抄録
体細胞から比較的容易に個体再生を行うことができるニンジン不定胚形成系を用いて、新規な不定胚形成関連遺伝子の単離を試みた。オーキシン存在下で不定胚形成能を有するEmbryogenic Cells (EC) は、培地からのオーキシン除去により初めて不定胚を形成する。オーキシン除去処理によって発現してくる遺伝子が、不定胚形成に必要な遺伝子であると考え、オーキシン除去後に発現増加してくる遺伝子CAPSE (Cell Attachment Protein in Somatic Embryogenesis)を単離した。

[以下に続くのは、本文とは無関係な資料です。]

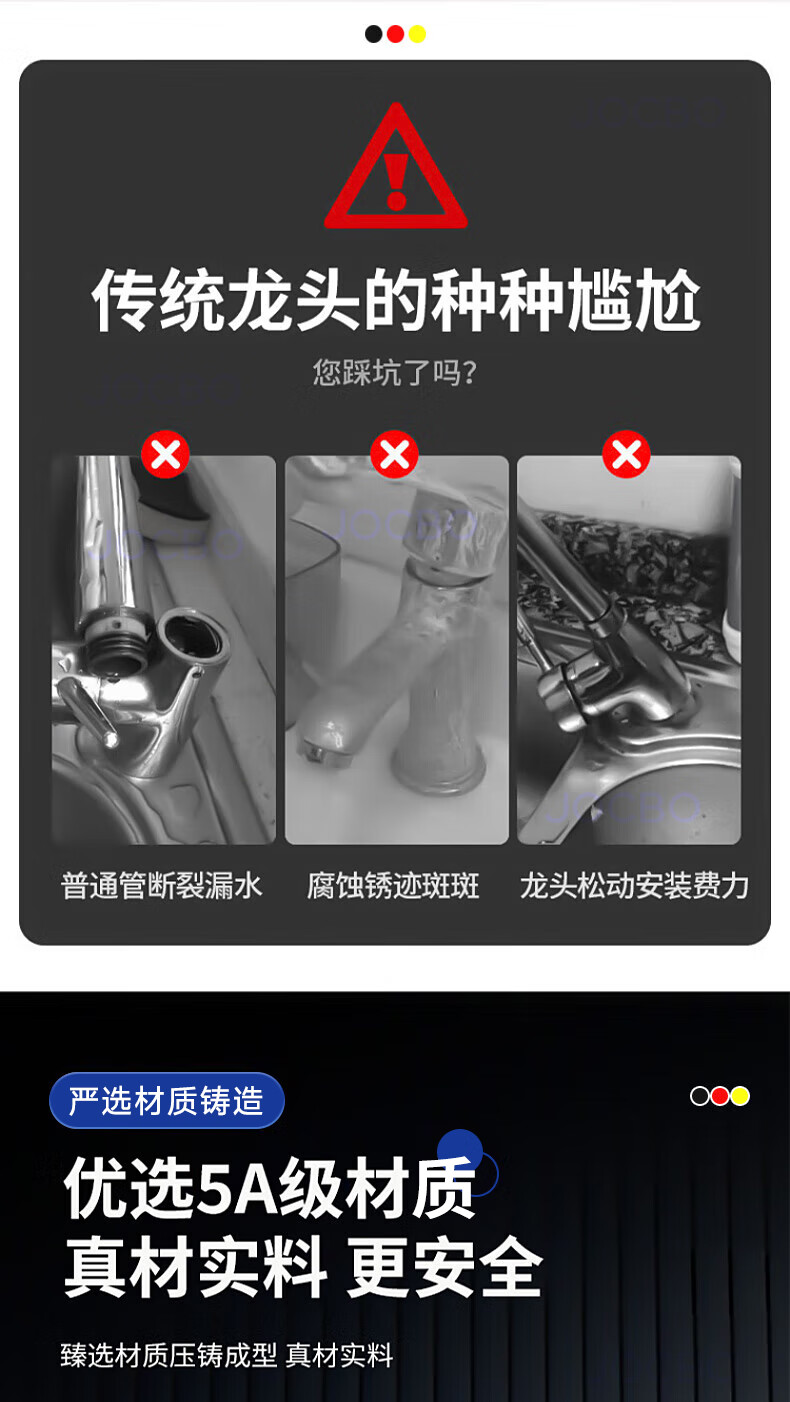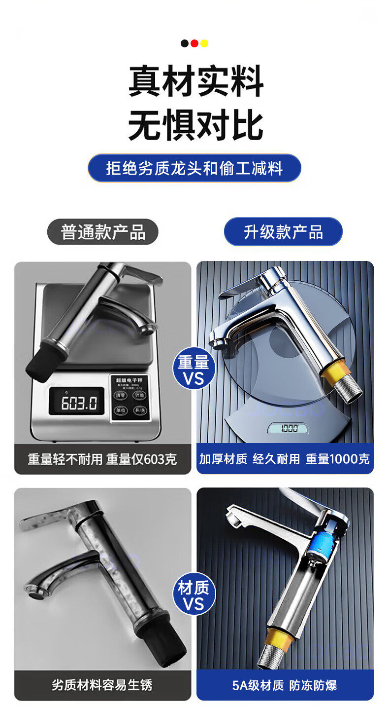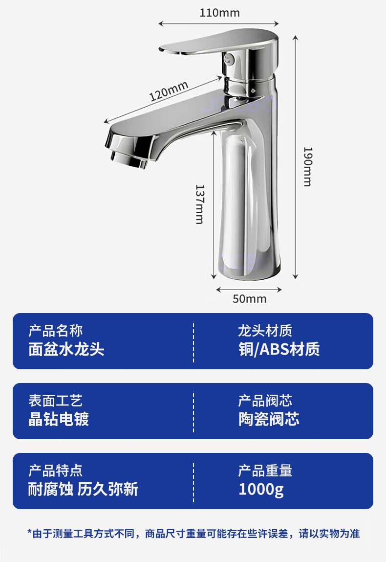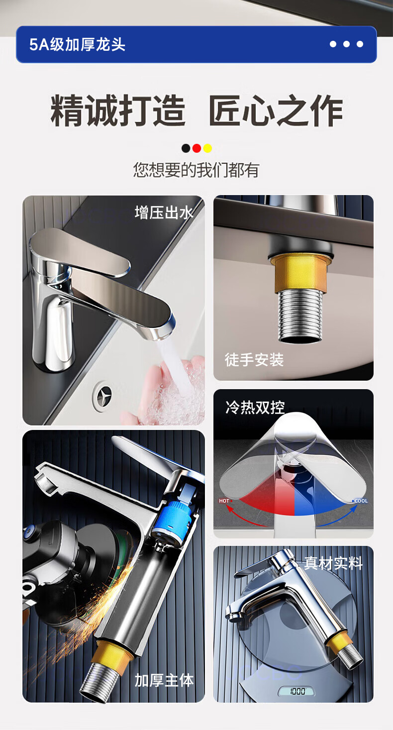JOCBO Germany basin faucet full copper body bathroom cooler and heater two-in-one wash basin faucet basin faucet full copper thickening bright silver free 80CM original water inlet pipe*2

CAPSEはagglutinin domain, S-locus glycoprotein domainを有し、不定胚形成能のある細胞においてオーキシン除去により一過的に発現上昇した。CAPSEの生理的な意義を解析するため形質転換を行い、発現量が低下したcosuppression形質転換ニンジン細胞を得た。 Cosuppression形質転換cullusは通常のニンジンcallus よりも小さな細胞塊で球形の表現型を示した。またTEM / SEM観察の結果、細胞表面に存在する突起状構造を欠損していることが判明した。この形質転換細胞塊をオーキシン除去培地に移し、不定胚を誘導したところ明らかに不定胚形成に遅れが見られた。現在CAPSEの細胞接着機能と不定胚形成の関連性をさらに詳細に調べている。